It’s been three months. Where have I been? What have I been up too? Here are the bullet points:
- I fell in love.
- I changed jobs.
- I filmed a new movie.
- I’ve had two oral surgeries, going in for a third in the next few weeks (first world problems, trust me).
- I got rid of more people in my life who were stripping me of all sanity (anyone voting for Trump, was a good start).
- I lost a family member (may he rest in sweet peace).
- I moved (back to the beach, exactly where I’m supposed to be).
- I became a vegetarian (it only lasted ½ a day).
- I traveled a bit (not to Scotland as planned, but traveled nonetheless).
- I started writing a new book (haven’t published the first one, but eeeh…details!).
- I made four new cool friends (I hope they’re not Trump supporters).
- Came to terms with some DNA testing that threw me (yes, I’m partly Caucasian. I know, it shouldn’t have come as some surprise, but, what can I say? I’m only human).
- I’m still in love. It’s a good thing.
I’ve been horrible lately about keeping up with my favorite blogs. I apologize. I’ve also been a bit MIA on Facebook, Instagram, etc. I’ve been on Twitter a little bit, but even there I’ve been lagging. Honestly, it’s been nice to be in the real world a bit. And although I do love interacting online, it’s been somewhat nice not to be so connected all the time.
I had an interaction with a vile woman on a Facebook post that belonged to CNN New Day Anchor Chris Cuomo. It was such an interesting experience because most days I wouldn’t have even bothered. But, for whatever reason, her insistence on being cruel and negative towards this man, this celebrity, that she did not actually know, was mind-boggling to me. After a very long-winded interaction, (I should apologize to Chris Cuomo’s people on his FB page because it went on forever), I finally realized that her being cruel and negative was actually what fueled her. She eventually admitted as much. That’s when I was done.
To be behind a keyboard and lashing out at someone, when there is no reason to be, is quite extraordinary. This particular post that Chris Cuomo was sharing with his fans, had nothing to do with anything – he was having a somewhat existential moment. Her reaction to his post was…the only way I can describe it is to say it’s like someone having a temper tantrum online, if that makes any sense. People usually call these types, TROLLS. But the truth is I think that’s too easy to dismiss. She really hated Chris Cuomo for so many reasons, and I kept asking her, why would you follow someone you hate so much? Her answers made me realize that hating him, following him, lashing out at him, was a much easier thing to do than actually dealing with her own self in the real world.
I guess that’s where I’ve been lately; dealing with my own self in the real world. I have fallen in love with life again. Maybe it’s the ocean air, maybe it’s the new neighborhood, maybe it’s just ridding myself of negative people in my life, but I am so in love with the right here, right now and…well, it’s pretty spectacular!

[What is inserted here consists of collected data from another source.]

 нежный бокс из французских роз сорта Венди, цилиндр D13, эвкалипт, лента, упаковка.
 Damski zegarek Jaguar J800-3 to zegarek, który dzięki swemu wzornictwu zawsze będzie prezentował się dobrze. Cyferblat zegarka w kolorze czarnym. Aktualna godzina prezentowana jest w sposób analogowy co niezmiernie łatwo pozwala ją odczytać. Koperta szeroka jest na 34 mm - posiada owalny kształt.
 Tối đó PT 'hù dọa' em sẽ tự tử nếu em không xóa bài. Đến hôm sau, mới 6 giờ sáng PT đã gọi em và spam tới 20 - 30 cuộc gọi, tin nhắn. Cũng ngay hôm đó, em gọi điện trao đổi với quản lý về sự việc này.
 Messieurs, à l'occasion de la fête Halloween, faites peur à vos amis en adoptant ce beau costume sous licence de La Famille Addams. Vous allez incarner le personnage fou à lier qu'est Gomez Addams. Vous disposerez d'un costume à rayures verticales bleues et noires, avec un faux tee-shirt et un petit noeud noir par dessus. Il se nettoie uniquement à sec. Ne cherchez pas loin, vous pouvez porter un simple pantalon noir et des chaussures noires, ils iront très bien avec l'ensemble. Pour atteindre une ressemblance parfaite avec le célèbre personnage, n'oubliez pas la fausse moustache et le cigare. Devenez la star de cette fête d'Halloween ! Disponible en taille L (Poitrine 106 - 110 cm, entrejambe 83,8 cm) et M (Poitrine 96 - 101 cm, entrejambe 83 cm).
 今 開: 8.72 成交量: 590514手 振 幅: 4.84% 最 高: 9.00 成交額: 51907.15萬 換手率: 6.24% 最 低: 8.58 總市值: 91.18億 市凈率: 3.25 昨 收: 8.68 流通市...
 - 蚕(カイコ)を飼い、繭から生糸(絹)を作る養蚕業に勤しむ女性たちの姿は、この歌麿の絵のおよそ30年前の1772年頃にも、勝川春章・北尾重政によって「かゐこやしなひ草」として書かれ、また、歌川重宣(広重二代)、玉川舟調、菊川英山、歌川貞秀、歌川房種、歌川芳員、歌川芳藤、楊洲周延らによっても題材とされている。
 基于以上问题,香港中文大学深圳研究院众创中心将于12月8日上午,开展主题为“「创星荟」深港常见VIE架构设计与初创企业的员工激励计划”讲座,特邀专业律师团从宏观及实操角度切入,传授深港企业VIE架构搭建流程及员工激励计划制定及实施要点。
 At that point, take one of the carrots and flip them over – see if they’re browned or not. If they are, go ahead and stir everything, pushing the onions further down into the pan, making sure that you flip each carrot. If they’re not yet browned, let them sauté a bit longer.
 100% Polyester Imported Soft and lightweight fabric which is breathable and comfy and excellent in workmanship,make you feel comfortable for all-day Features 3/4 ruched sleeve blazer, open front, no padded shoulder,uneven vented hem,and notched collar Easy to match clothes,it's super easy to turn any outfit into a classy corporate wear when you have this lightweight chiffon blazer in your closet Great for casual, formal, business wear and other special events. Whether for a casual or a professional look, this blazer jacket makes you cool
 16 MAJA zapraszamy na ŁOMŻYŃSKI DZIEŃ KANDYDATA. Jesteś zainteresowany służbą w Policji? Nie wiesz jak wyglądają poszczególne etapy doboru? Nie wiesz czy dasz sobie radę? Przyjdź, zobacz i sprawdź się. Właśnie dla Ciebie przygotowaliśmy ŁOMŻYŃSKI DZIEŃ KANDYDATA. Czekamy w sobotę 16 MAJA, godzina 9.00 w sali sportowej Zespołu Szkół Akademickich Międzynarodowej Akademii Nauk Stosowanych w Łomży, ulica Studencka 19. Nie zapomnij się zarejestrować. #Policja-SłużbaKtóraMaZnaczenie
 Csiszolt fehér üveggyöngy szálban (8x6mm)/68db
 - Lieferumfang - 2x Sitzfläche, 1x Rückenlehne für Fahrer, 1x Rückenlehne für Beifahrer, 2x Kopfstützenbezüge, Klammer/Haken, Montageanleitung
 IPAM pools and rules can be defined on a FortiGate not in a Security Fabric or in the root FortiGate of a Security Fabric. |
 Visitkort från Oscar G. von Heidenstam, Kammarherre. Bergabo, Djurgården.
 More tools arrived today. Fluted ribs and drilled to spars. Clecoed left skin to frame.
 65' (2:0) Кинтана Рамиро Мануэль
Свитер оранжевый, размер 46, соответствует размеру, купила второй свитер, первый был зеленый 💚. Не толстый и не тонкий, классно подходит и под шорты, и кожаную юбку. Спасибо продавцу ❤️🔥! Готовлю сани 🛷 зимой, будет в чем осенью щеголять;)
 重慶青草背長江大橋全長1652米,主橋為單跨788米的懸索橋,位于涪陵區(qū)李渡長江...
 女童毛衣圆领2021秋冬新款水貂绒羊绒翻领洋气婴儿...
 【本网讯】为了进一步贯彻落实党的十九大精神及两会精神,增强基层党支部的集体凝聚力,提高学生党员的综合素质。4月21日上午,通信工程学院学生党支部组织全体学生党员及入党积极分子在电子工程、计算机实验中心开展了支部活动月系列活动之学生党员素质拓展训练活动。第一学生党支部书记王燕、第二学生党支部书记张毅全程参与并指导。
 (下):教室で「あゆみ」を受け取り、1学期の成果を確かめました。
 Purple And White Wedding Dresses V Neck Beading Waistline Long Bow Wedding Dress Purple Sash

Don’t get me wrong, there have been some tough moments these past three months. But that’s how life goes, right? Ups and downs, good days, bad days. As I move along my personal journey, I hope that whatever comes my way – good or bad – that I handle it with as much grace as possible, hurting no one else along the way. I never want to be so bitter or so cruel. And I never want to be fueled by negativity. I really hope to always be “loving” this thing called life.
Yeah, I’m still in love. It’s a good thing.